Головкин побледнел и отступил.
– Как? Плещеева? Да его сам государь спосылал туда…
– Убили его, боярин… Я сам видел, как Микита Гладкий стащил его с коня и бил… А теперича идут бунтом сюда, в Преображенское… доложи, боярин, государю…
Головкин торопливо скрылся во внутренние покои. Мельнов и Ладогин остались в передней.
А юный царь Петр Алексеевич действительно спал, и крепок, и сладок был его юношеский сон. Лежит он, разметавшись на своей постели, и полуоткрытые губы его чему-то улыбаются. Да и как не улыбаться блаженною улыбкою, когда над головой его витают такие чудные грезы! Он тешится на Переславском озере, он на большом корабле, а кругом целая флотилия маленьких корабликов… И счету им, кажется, нет! А все это Брант настроил… И какое громадное озеро стало, и конца-краю ему не видать, да и вода в нем не та, что была прежде, голубая, голубая, словно разведенная синька… нет это не озеро – это море, безграничное море, без берегов… Дух захватывает от радости на этом безбрежном море, которое казалось ему недосягаемым… Нет, он досягнул до него, не удержала мать, не помешала… И все эти корабли – его корабли, и море его, и это голубое небо – его… По этому морю он плывет куда-то в неведомую даль… И все его приспешники с ним: вон Бориска Голицын, Зотов, Гордон, Лефорт, Тиммерман и матрос Алексашка… А вон и земля виднеется, словно из моря выходит, ближе и ближе… Но земля незнакомая, незнакомая зелень, незнакомые деревья… Все ближе и ближе земля… Корабли входят в какой-то пролив… По берегам пролива темные иглы кипарисов, которые он видел на рисунках у Лефорта, стройные тополи… Где же он? Куда приплыли его корабли? На берегах виднеются люди, только не русские не немцы: они в чалмах, в красных фесках… Это Крым, Перекоп?.. «Нет, это Царьград», – шепчет чей-то ласковый голос… Он оглядывается: к нему на плечо оперлась Яганушка, Аннушка Монс, и говорит: «Ты в Цареграде, и тебе не надоедает твоя постылая жена – тетеха, твоя крупитчатая сайка…» Неужели это Царьград? Боже великий!

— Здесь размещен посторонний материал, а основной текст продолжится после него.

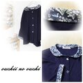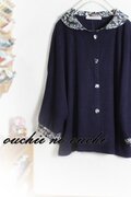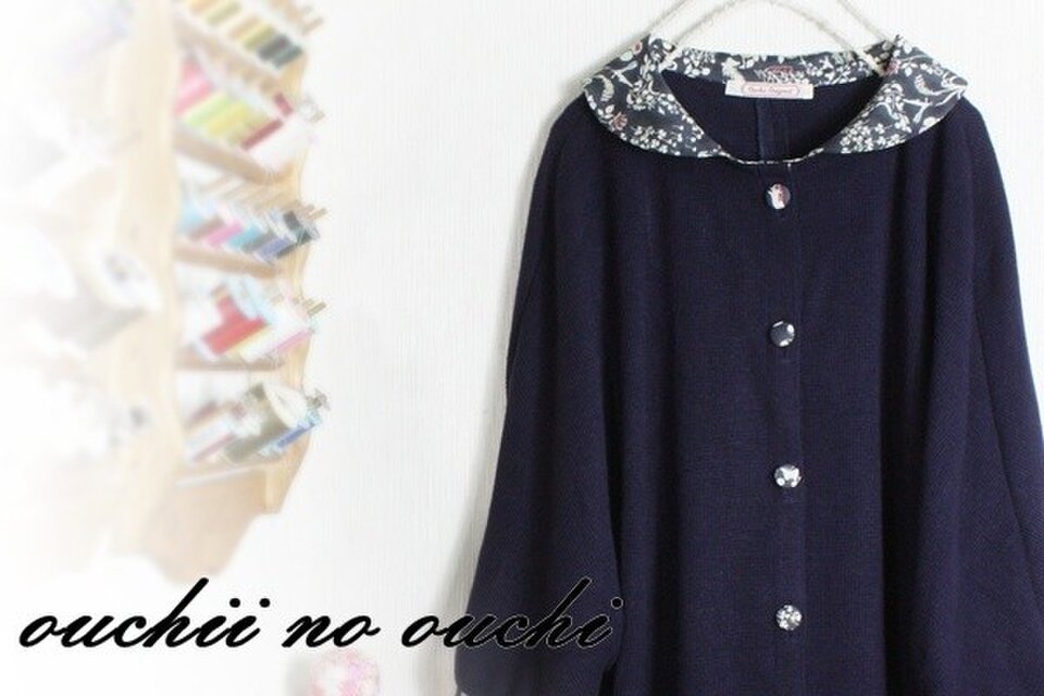 ネイビーリブニット生地と完売人気柄Yosieヨシエ ネイビー系のフラットのヘチマカラーのドルマンジャケットをお作りしました。

Чем я заслужил такую великую милость твою!..
– Государь, государь! – торопливо шепчет Головкин, трогая спящего юношу – царя. – Государь!
– Ах, это ты, Дуня! – с досадой бормочет сонный.
– Государь, проснись!..
– Отстань, Авдотья, я спать хочу….
– Государь! Из Москвы гонцы… Плещеева стрельцы убили.
Петр поднялся с подушек. Глаза его смотрят безумно.
– Что? Что ты говоришь, Гаврило?
– На Москве бунт, государь… Плещеева убили… Стрельцы идут к Преображенскому… Надо хорониться, уходить отселе…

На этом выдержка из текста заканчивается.